St Matthias (known colloquially as St Matts) used to belong to the University of the West of England. The campus is located in the suburb of Fishponds in Bristol.

History
The campus was previously a teacher training college, originally called the Gloucester and Bristol Diocesan Training Institution for School Mistresses, which opened in 1853 and was later the humanities campus for UWE Bristol. As part of a project dedicated to the history of the campus, staff and students both past and present, share their memories of their time on campus.

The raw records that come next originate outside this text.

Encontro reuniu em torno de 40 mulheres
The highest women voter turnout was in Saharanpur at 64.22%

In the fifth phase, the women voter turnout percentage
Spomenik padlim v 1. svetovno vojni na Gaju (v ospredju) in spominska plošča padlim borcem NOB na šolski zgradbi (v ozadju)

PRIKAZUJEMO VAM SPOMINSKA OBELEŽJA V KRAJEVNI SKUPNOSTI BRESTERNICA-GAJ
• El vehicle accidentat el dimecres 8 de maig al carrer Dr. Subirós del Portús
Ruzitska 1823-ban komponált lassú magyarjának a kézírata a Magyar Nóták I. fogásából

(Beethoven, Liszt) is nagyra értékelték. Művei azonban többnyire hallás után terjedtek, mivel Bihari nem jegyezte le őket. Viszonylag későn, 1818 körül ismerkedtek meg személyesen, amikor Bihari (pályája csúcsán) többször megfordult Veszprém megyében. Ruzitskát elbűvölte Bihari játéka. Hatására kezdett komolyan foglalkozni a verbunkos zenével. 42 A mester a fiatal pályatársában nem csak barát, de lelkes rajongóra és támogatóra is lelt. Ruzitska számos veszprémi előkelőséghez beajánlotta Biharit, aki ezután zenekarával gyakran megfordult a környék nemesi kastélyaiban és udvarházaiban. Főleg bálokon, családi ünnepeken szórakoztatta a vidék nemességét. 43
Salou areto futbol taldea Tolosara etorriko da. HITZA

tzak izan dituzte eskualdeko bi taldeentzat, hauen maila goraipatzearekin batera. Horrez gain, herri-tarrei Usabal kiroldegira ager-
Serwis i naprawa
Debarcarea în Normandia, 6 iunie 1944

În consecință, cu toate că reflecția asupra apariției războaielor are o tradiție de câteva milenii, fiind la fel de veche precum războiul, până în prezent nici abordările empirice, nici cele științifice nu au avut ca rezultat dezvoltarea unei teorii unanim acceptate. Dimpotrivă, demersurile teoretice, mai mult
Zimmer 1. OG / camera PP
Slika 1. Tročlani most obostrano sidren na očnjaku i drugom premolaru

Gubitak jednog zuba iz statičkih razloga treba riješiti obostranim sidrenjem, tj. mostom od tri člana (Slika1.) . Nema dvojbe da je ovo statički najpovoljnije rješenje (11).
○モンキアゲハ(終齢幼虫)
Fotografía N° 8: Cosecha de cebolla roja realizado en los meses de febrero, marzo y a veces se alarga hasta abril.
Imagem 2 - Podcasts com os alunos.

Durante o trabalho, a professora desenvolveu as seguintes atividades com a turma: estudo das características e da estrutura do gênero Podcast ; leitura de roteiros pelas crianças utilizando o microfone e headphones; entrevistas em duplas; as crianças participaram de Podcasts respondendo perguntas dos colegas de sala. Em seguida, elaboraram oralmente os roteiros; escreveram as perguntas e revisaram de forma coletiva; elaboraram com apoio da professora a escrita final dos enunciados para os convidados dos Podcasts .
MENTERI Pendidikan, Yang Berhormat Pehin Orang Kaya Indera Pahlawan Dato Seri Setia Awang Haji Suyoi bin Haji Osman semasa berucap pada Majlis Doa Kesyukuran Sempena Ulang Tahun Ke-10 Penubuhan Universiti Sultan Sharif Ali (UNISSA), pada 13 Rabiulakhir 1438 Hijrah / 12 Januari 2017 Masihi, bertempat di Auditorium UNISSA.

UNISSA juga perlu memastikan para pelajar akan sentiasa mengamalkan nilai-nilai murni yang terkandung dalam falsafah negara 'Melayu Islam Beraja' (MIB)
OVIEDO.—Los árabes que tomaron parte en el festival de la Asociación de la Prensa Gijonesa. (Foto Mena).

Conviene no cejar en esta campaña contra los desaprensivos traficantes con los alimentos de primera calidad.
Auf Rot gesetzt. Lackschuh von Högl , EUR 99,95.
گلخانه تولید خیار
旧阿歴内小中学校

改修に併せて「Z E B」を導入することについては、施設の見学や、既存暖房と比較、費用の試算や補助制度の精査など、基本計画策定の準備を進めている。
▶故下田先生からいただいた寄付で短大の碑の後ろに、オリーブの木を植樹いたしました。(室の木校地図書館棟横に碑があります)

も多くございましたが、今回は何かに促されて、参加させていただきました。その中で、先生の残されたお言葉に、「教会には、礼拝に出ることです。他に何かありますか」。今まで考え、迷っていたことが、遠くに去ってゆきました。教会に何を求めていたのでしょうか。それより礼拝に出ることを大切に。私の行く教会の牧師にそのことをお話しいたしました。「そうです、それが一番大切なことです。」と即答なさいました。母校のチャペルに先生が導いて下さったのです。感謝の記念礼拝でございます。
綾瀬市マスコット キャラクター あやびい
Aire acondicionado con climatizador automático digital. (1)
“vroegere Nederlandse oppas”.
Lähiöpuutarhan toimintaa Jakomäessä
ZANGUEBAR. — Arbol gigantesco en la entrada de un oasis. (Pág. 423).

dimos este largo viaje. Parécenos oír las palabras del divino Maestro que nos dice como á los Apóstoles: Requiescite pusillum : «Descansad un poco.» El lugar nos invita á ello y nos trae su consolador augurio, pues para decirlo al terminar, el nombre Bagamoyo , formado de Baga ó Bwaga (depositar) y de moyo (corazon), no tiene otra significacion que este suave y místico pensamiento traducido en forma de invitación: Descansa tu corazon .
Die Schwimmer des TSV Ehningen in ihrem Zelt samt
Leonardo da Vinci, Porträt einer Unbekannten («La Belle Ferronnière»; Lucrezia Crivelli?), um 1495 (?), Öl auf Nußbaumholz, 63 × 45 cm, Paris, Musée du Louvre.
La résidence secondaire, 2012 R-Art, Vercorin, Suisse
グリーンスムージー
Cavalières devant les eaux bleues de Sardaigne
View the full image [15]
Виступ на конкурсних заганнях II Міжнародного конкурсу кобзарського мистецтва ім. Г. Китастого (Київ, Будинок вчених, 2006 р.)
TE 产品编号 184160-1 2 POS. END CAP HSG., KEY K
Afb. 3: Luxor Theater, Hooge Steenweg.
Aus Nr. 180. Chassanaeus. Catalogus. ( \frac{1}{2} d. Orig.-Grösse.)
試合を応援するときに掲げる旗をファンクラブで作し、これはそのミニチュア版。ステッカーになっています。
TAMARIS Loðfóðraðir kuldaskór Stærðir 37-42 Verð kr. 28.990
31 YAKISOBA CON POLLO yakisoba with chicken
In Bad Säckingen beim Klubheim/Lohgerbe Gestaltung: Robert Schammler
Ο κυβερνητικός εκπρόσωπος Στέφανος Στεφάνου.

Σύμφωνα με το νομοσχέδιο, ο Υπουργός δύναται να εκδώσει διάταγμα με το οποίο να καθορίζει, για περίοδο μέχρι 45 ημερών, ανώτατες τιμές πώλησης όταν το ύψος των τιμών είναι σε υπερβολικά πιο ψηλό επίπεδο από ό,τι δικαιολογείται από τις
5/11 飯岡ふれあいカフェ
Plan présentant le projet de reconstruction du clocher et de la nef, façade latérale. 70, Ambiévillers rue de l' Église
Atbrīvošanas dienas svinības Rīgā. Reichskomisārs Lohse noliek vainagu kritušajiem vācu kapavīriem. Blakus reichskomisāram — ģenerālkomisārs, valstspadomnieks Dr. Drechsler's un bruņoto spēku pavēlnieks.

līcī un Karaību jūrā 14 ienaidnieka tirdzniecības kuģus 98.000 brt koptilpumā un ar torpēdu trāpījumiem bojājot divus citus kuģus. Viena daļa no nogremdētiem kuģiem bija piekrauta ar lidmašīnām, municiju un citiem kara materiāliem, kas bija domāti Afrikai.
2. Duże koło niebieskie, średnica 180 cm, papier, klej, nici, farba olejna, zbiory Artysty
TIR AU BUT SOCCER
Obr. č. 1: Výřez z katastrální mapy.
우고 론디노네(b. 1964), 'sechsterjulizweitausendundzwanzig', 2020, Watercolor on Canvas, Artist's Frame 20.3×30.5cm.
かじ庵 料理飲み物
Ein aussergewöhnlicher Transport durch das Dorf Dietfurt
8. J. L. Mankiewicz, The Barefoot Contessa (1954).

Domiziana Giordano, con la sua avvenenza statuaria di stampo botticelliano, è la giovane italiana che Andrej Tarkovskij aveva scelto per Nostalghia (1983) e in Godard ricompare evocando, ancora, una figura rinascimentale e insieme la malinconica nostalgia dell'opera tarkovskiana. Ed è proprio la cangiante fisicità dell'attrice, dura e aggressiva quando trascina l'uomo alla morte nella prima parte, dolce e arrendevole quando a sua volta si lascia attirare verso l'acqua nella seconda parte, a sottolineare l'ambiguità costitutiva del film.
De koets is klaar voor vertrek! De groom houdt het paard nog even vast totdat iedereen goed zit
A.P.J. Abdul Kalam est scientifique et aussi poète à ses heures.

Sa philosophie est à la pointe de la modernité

The original buildings were constructed in 1851-2 by John Bevan with Jonathan Clarke, in a Gothic Revival style. The building was extended in 1903. Today it is a grade II* listed building and the lodge is listed grade II.

Archives
Records of the Bristol Diocesan Training College, later St Matthias' College, are held at Bristol Archives (Ref. 37168) (online catalogue) and (Ref. BROFA/0078) (online catalogue).

Departments and courses
St Matthias was home to departments within the faculty of Creative Arts, Humanities and Education, including:
 Department of Culture, Media and Drama
 Department of History, Philosophy and Politics
 Department of English, Linguistics and Communication

Buildings and facilities
The campus has some Victorian Gothic buildings, and is set around a quad.

Closure
The University of the West of England closed the campus in September 2014 (with operations on the site ceasing on 4 July 2014) as a part of a relocation project. The various departments of the faculty of Creative Arts, Humanities and Education from St Matthias and Bower Ashton have moved to new facilities at Frenchay campus. As part of the planned closure UWE and the UWE Students' Union held a 3 day farewell party to celebrate the campus, its history, staff, ex- staff, students and alumni.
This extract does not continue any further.